The first instruction was this:

“Build houses and settle down; plant gardens and eat what they produce. Marry and have sons and daughters; find wives for your sons and give your daughters in marriage, so that they too may have sons and daughters. Increase in number there; do not decrease.” (Jer. 5:5-6)

Being salt and light begins with a focus on family. My kids are all out of the house now. The six of them are all out on their own. My time of influence isn’t over (I hope), but the best opportunity to be salt and light in their lives is gone now, and it seems like it went too fast!

I fear in my personal doubts sometimes that I wasn’t the salt and light I should have been. I made a lot of mistakes. I missed a lot of opportunities. If I am being perfectly honest, I didn’t appreciate how quickly that time of influence would pass.

If you are a parent with children still at home, I urge and encourage you to redeem the time. Don’t let the precious minutes, hours, days and years go by without being the salt and light to your children you can be. Lean into it and embrace it. Those days are ultimately fleeting. And don’t forget your spouse; he/she needs you to be salt and light as well.

The second instruction the prophet Jeremiah gave the exiled nation was this:

“Also, seek the peace and prosperity of the city to which I have carried you into exile. Pray to the Lord for it, because if it prospers, you too will prosper.” (Jer. 29:7)

God wants you to be salt and light in the city and community in which you find yourself. That means getting involved in your community. God doesn’t want His followers sitting on the sidelines; He wants us to “get in the game”.
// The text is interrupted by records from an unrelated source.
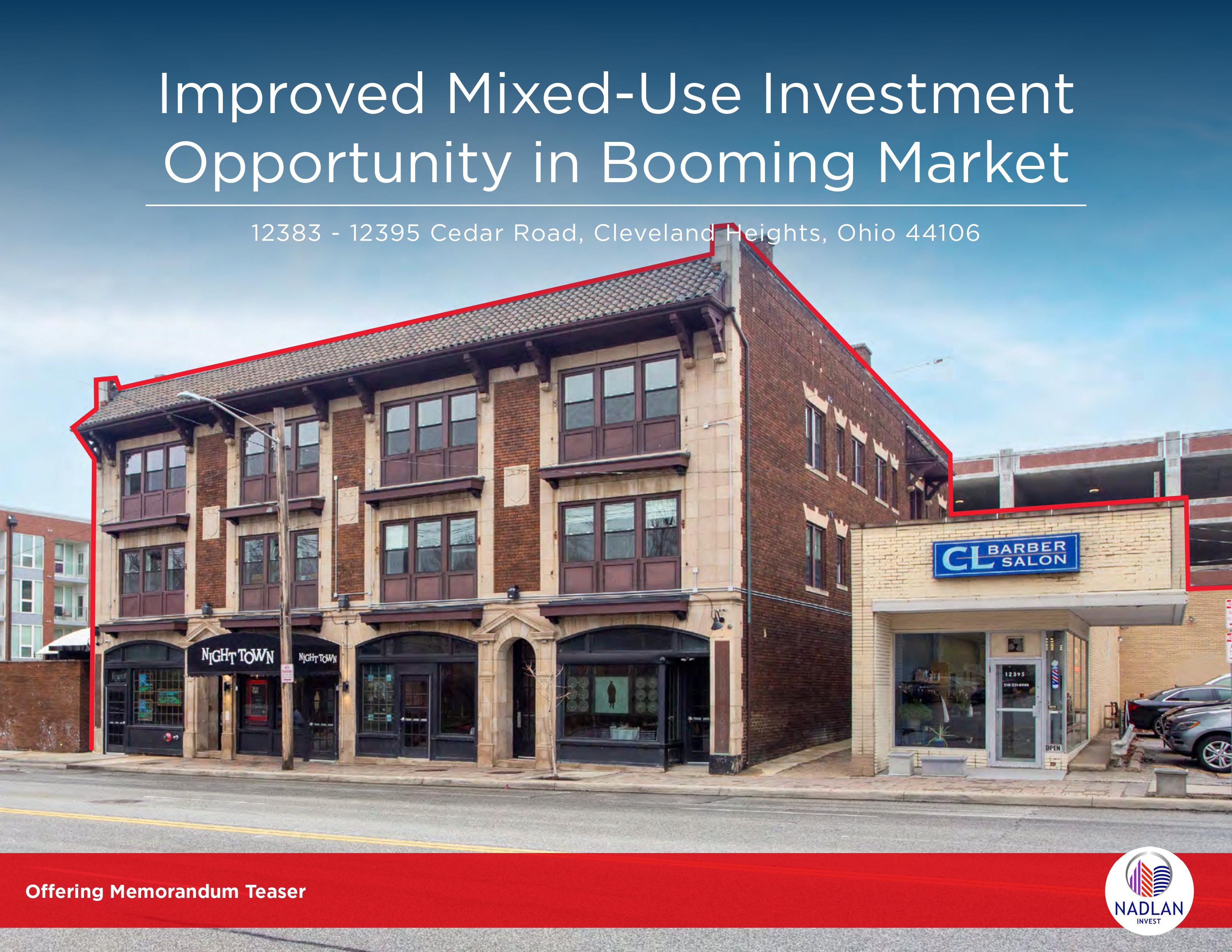 The investment opportunity at 12383-12395 Cedar Road in Cleveland Heights, Ohio, offers a robust, mixed-use property that has undergone significant renovation and holds substantial financial promise. The portfolio includes two adjacent buildings, with the first previously occupied by Nighttown restaurant and now leased to Red Steakhouse under a stable 10-year contract. This ensures a consistent cash flow from a well-established tenant in the upscale dining market. The second building includes 16 luxury one-bedroom apartments, each fully remodeled to meet modern living standards. These units are designed with efficient layouts, stone countertops, high-end bathroom fixtures, mini-split HVAC systems for optimal energy efficiency, and new plumbing and mechanical systems. These enhancements make the apartments highly attractive for prospective tenants, with leasing already in progress. This newly updated residential offering is expected to drive high occupancy rates and rental income. The property benefits from its location in the Cedar Fairmount neighborhood, a vibrant area known for its mix of residential, retail, and cultural offerings. Cedar Fairmount is not only a commercial hub but also a cultural gateway to Cleveland's major attractions, such as the Cleveland Museum of Art and Severance Hall, positioning it as an appealing neighborhood for both residents and businesses. The neighborhood sees a daily traffic volume of 19,847 vehicles, adding to the attractiveness of the retail spaces for tenants. Additionally, the neighboring property offers partially leased retail spaces, with ongoing interest in the remaining units, providing potential for either new leasing activity or complete redevelopment. The entire site, sitting on 0.298 acres of land, can be reimagined or further optimized depending on the investor's vision, allowing flexibility for value-add strategies. Financially, the property delivers strong metrics, with a Net Operating Income (NOI) of $401,581 projected for 2023. This income, derived from the restaurant lease and potential rental income from the fully remodeled apartments, makes this an appealing prospect for investors seeking stable, long-term returns. Furthermore, the Cleveland Heights area is experiencing growth, with an improving office market, rising rental rates, and increased leasing activity, particularly in nearby commercial spaces. This positions the investment for future appreciation as market conditions continue to strengthen. In summary, the 12383-12395 Cedar Road property combines modernized residential units, a prime retail tenant, and significant upside potential in a high-traffic, culturally rich neighborhood, making it an excellent mixed-use investment in a thriving Cleveland market.
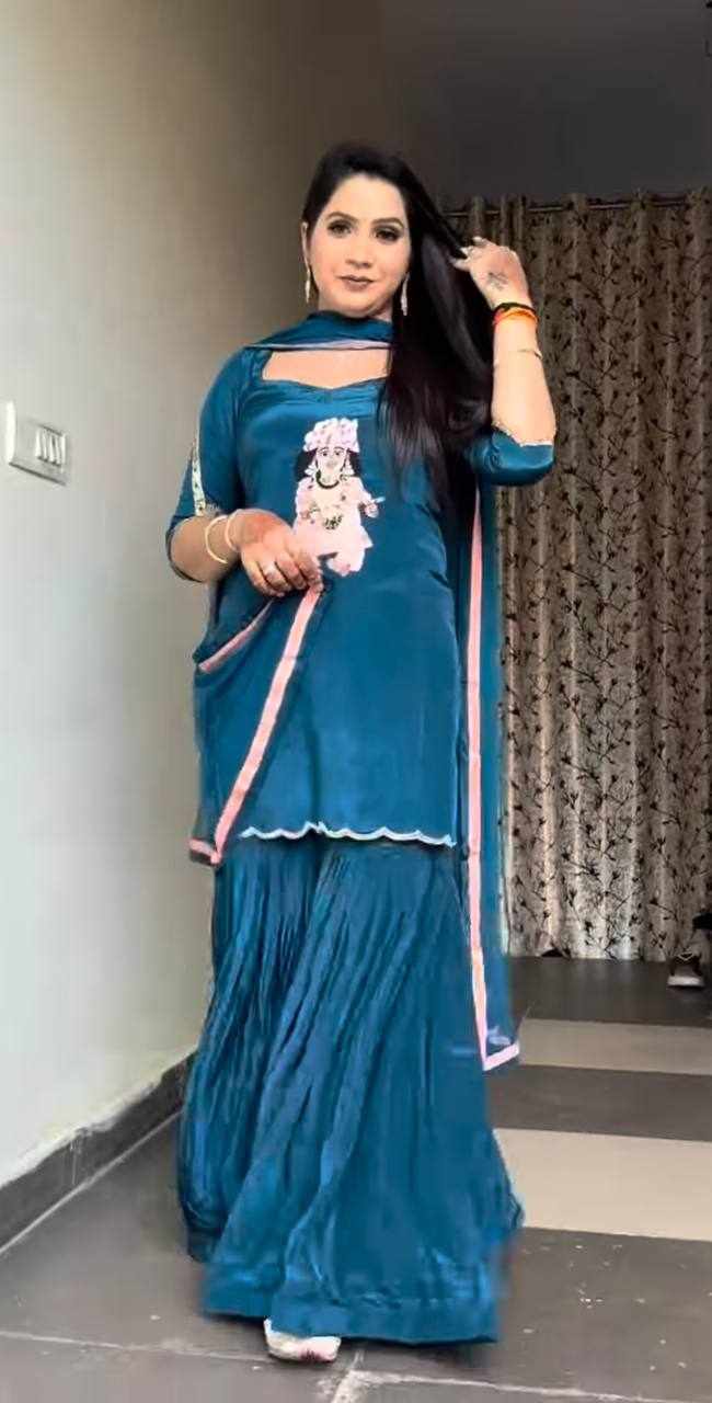 Top Fabric: Natural Crep with heavy embroidery work with fancy borders, less work sleeve with fancy latkan dori.
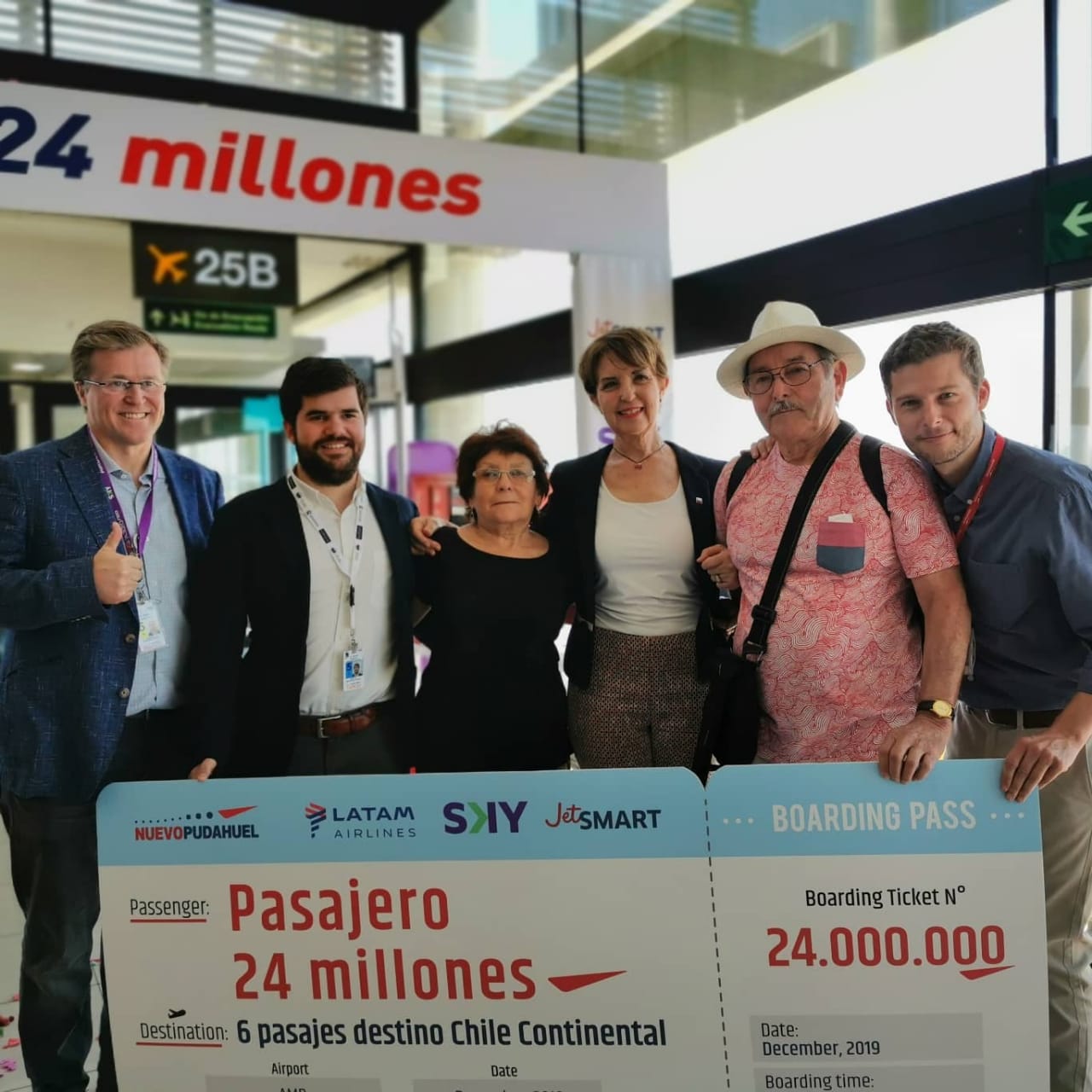 Por primera vez en la historia del Aeropuerto Internacional Arturo Merino BenÃtez circulan 24 millones de pasajeros en un solo año. El hito, que evidencia el gran dinamismo de la industria, fue celebrado con globos y serpentinas en el principal recinto aéreo del paÃs. En el lugar, se premió al pasajero 24 millones. Esa persona, que viajaba desde Puerto Montt, recibió seis pasajes para cualquier destino en territorio de Chile continental.
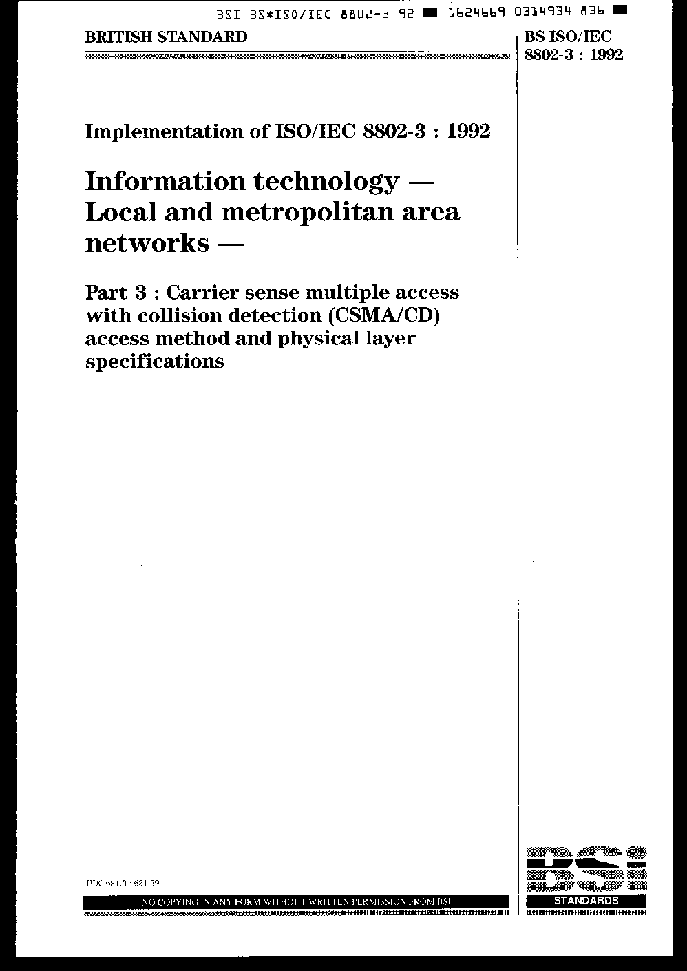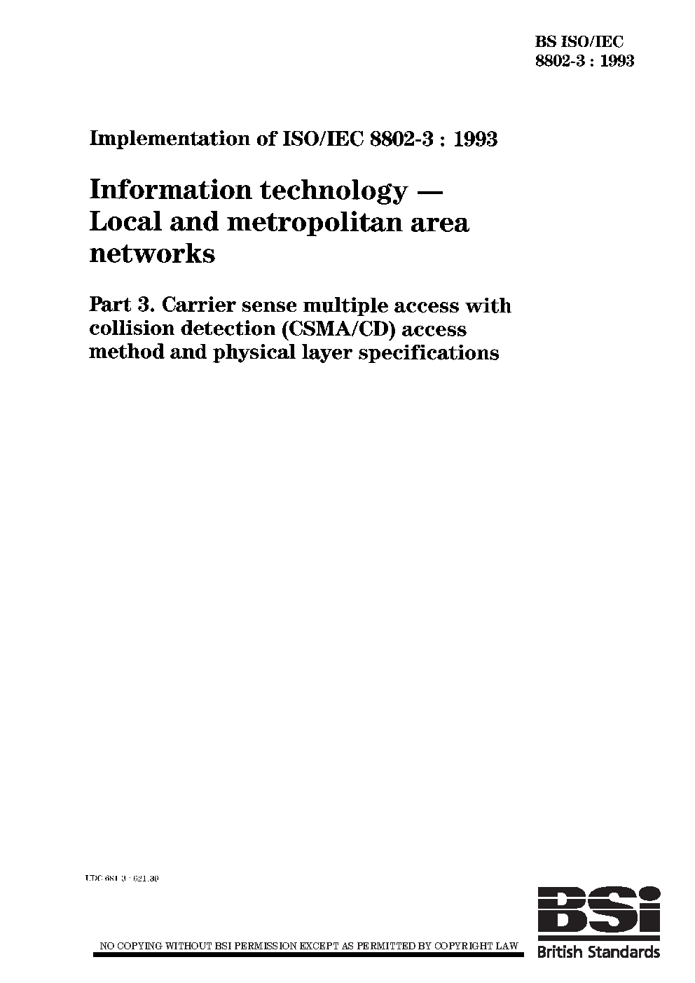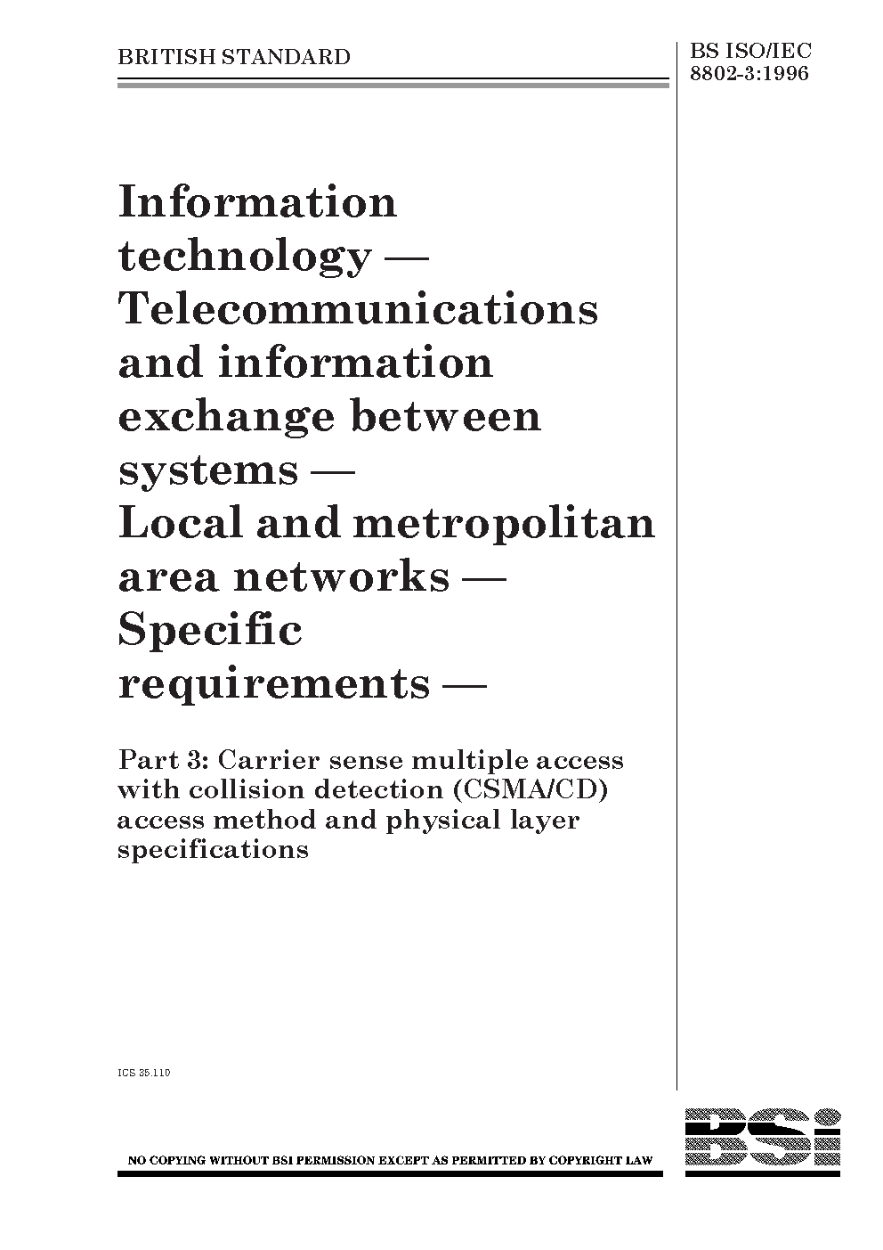 Information technology. Local and metropolitan area networks. Carrier sense multiple access with collision detection (CSMA/CD) method physical layer specifications

We can’t be salt and light if we don’t get involved with the people and groups in our communities. Churches can have a preservative effect on a community by their involvement, leading the way in reaching the vulnerable people with clothes, food, kindness and love. Churches that have high visibility in a community (for the benefit of the community) can have a profound effect for the Gospel.

Community involvement, however, is where too much salt can be overpowering and overwhelming. God calls individual Christians to venture out past the church gates and cloistered church groups into the community carrying the flavor and aroma of the Gospel as they go.

We don’t have to preach the Gospel everywhere we go to be effective. We need people who can show the kindness, love, integrity, self-control and other fruits of the Spirit to a world that is lost and hurting. If we simply exhibit the character of Christ, we will open doors to people willing to hear the Gospel.

Finally, Jeremiah instructed the new residents of Babylon as follows:

“Do not let the prophets and diviners among you deceive you. Do not listen to the dreams you encourage them to have. They are prophesying lies to you in my name. I have not sent them….” (Jer. 29:8-9)

God doesn’t call us out of the world. He calls us into the world, but that calling comes with a warning that we should not be taken or captivated by the world and its allurements. This world and everything in it is passing away. Jesus taught us to pray to the Father; “Thy Kingdom come!”

We should not forget that we are aliens and strangers in this world. Like Abraham living as a sojourner in tents in the promised land, we are just passing through. If we let ourselves by taken by the spirit of this world, we will lose our saltiness – our distinctness. We should never forget the Gospel.

In truth, where would we go?! Only Jesus is the Word, the Bread of Life, the Living Water. Why would we trade that for anything the world has to offer?!

We are called to be salt and light, to have an impact in the world. The greatest impact we could possibly have is to introduce people to the good news, the Gospel, the love of God expressed for us in Jesus who was the fullness of God in the flesh. The greatest impact we can have is an eternal one, calling to the eternity God placed into every human heart.

To fulfill that calling, we need to be right in the mix of humanity. We can’t separate ourselves and hope to be the salt and light God made us and called us to be. We need to be engaged in our families and in the communities in which God placed us, and we need to keep our focus on the Gospel and the kingdom of God as we go out into the kingdoms of this world.